I7: Custom phrase needed

First a disclaimer: I’m feeling a bit poorly at the moment, so I can only hope this post will be coherent. That said, on to my question.

I’m currently trying to channel categories of actions during specific scenes. During those scenes I want to restrict the player from acting on nonessential things and people.

For instance, we might have a duel between two naval officers, deadly swordsmen both. Now, during this duel, a wavering attention should be discouraged, but even the smallest detail of the enemy could be vital. In other words, I want to block off most actions having to do with the surrounding environment, while keeping the player and the enemy and anything they enclose remain valid options.

In other words, I’d love for a general definition similar to “if x encloses y”, but one that also applies if x is y, so that one could write

If the noun pertains to Sir John

and have it evaluate as true for Sir John, Sir John’s pitiless blue eyes, and Sir John’s deadly gleaming sword of stabby-stabby-kill.

Now. What’s the best, most general way of doing this? I can see how you do it through “to decide whether…” statements, but those tend to become pretty specific in their wording, which I’d prefer to avoid if possible.

Here’s how to do this with the basic parameters you mentioned and using a decide phrase:

To decide if (X - an object) pertains to (Y - an object): if Y is X, decide yes; if Y is part of X, decide yes; if Y encloses X, decide yes; decide no.

I’m not sure exactly what you mean by decide phrases being overly specific in their phrasing. This one doesn’t mention any specific objects at all and can also be used with any game object (including rooms), so hopefully it fits the bill!

–Erik

Yeah, that would do it. I wrote some similar code, although yours was better thought-out.

I suppose my confusion stems from the fact that phrases like “enclosed by” is a lot more flexible than the result of the “to decide if…” phrase. I mean, if you were to write say the list of things enclosed by Sir John this would work, but say the list of things pertaining to Sir John wouldn’t work at all because the expression “pertaining” isn’t semantically recognized.
By the way, any reason we don’t write

To decide if (X - an object) pertains to (Y - an object): if Y is X, decide yes; if Y is enclosed by X, decide yes; if Y encloses X, decide yes; decide no.
? As far as I know incorporation is enclosure, or was there something about your logic that I overlooked?

Ah, I see. If you want that capability, you can use a relation instead:

[code]Pertainment relates an object (called X) to an object (called Y) when X is Y or X encloses Y or Y encloses X. The verb to pertain to (he pertains to, they pertain to, he pertained to, he pertains to) implies the pertainment relation.

When play begins: say the list of things that pertain to the player.[/code]

See 13.12 in the manual for more on this type of relation.

No, that’s better, and of course you can add other relationships as you need them.

EDIT: By the way, if you use the relation, you might want to consider whether you need it to apply to objects other than things (such as rooms).
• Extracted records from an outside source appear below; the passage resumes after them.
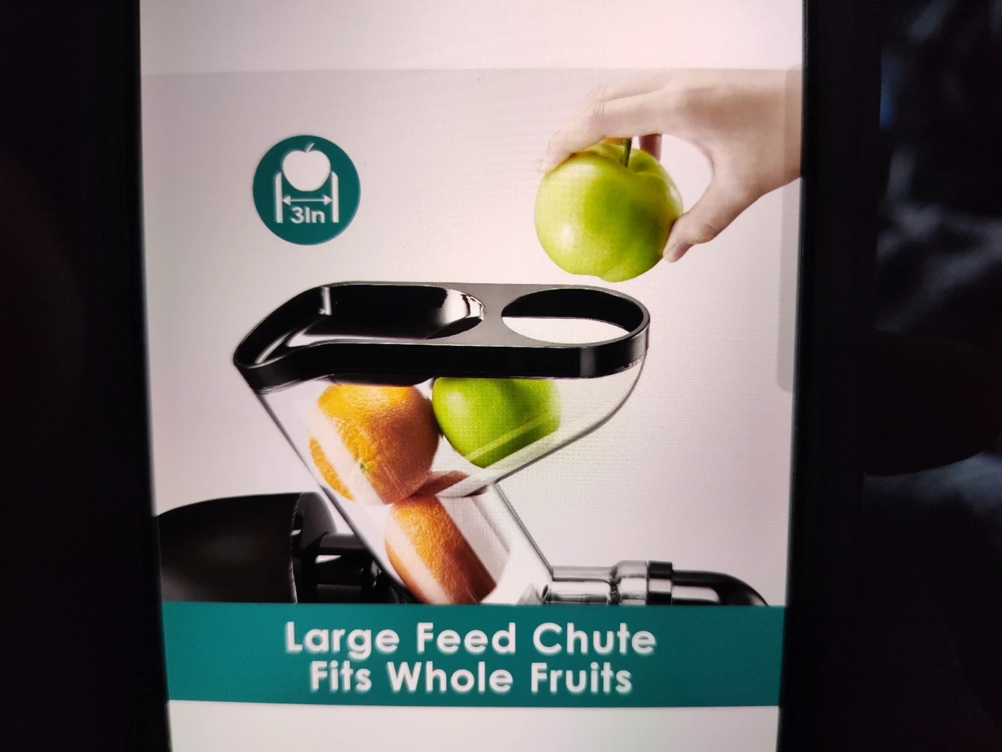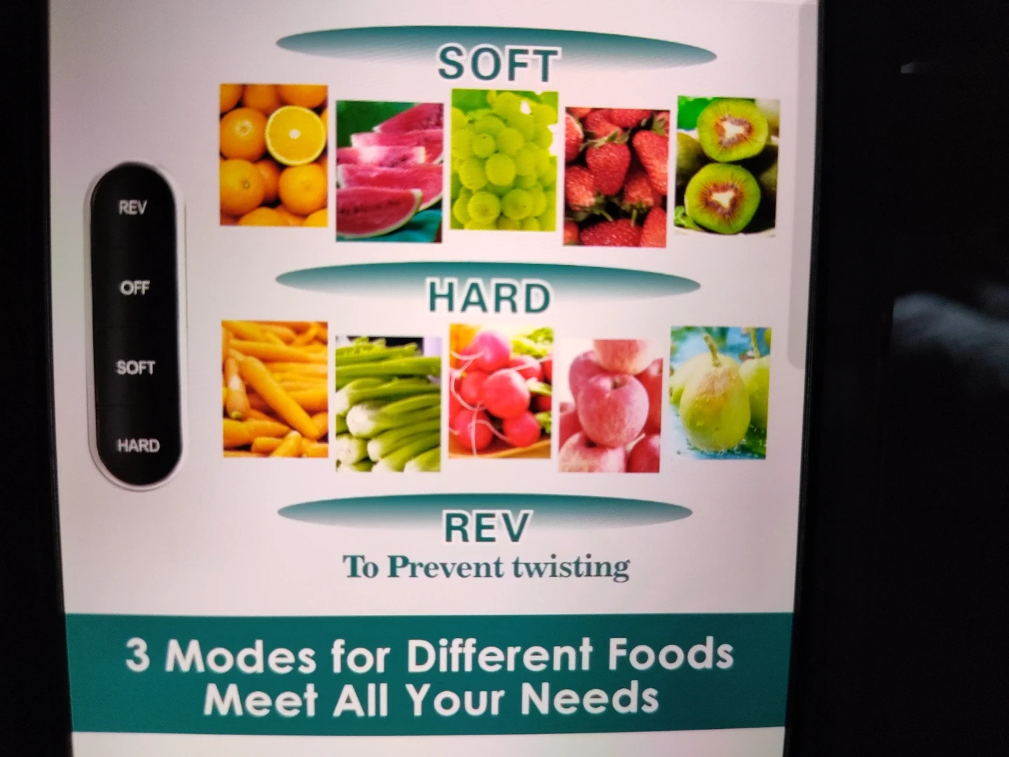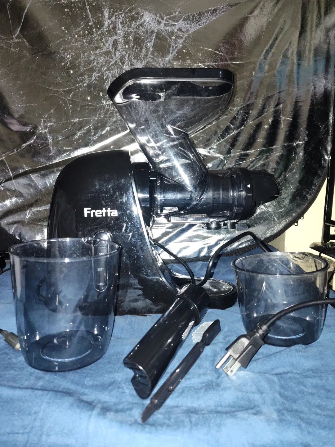 This Fretta juicer has a large feed chute that fits whole fruits. It's designed for high juice yield and offers 3 modes for different foods. Includes two cups and a cleaning brush.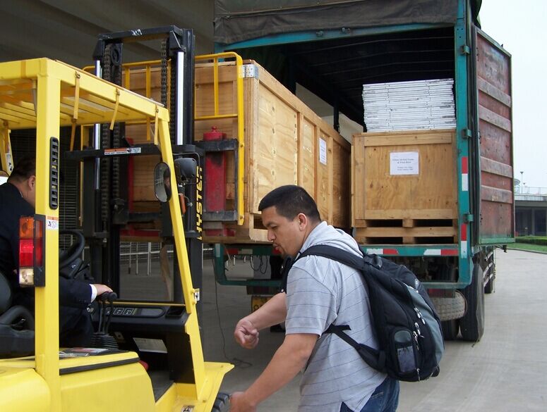 4、最后將風淋室裝訂于木箱中,用吊車叉起送入運輸工具去。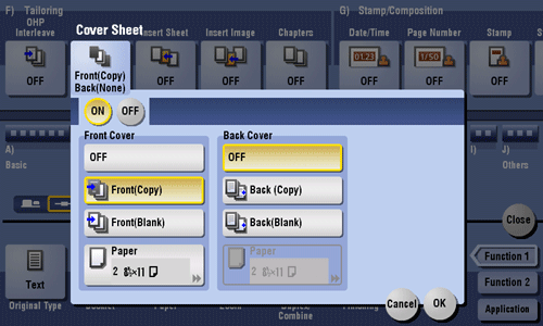 [ON]/[OFF] | Select [ON] to specify Cover Sheet. |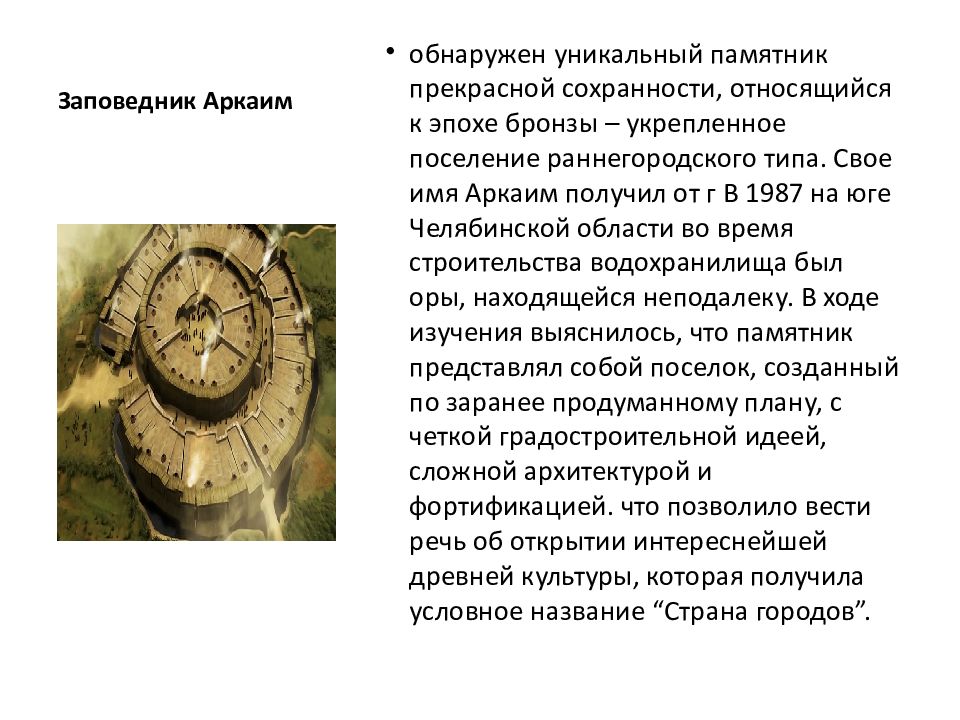 обнаружен уникальный памятник прекрасной сохранности, относящийся к эпохе бронзы – укрепленное поселение раннегородского типа. Свое имя Аркаим получил от г В 1987 на юге Челябинской области во время строительства водохранилища был оры, находящейся неподалеку. В ходе изучения выяснилось, что памятник представлял собой поселок, созданный по заранее продуманному плану, с четкой градостроительной идеей, сложной архитектурой и фортификацией. что позволило вести речь об открытии интереснейшей древней культуры, которая получила условное название “Страна городов”.

Setting up a relation such as this one between objects is more expensive than doing so between things.

Is it? I thought conditional relations weren’t expensive at all. Perhaps they take extra time, though. In that case, you can make it even faster by defining it as a relation between things and people.

Hm, could be–I’d assumed that they function as do other relations. But it would make sense too if they were really just more flexible conditions, and thus evaluated only when needed. In that case, using objects wouldn’t be more expensive except, as you say, in terms of speed–Inform would need to iterate over all objects in the game rather than just things or people. The speed probably isn’t too much too worry about unless you have tons of objects, though. Testing this kind of thing in Quixe or Parchment is a good way to see whether the speed hit is significant.

–Erik

The calculated relation isn’t expensive at all – it’s just a plain function like the decide-if function shown up-thread, only its syntax is that of relations. Asking if “steely eyes pertain to John” is quick as the decide-if. But “the list of things pertaining to John” is, of course, a single loop.

It’s the storage relations that one might be careful of defining on the root Object, but even then, if it’s Glulx it’s likely not a problem anyway.

Very useful discussion, and a big thank-you to all (three) participants. As for glulx, I love that it exists, but I generally start out striving for code that would work on the z-machine.

(This isn’t because I necessarily want my game to be z8. Part of it may well be snobbery, but I have noticed that if I start out writing code in glulx, the result is often wasteful and, worse, incoherent. To me, the benefit of the z-machine restriction is that it counters the impulse to simply brute-force a solution.)

I’m still writing my WIP as if I had z-machine constraints, even though it’s too big for z8 already. I have a vague idea that I’ll trim it down later (after all, if Curses fits in z5, my tiny little thing OUGHT to fit!), but even if I don’t, I like having clean code.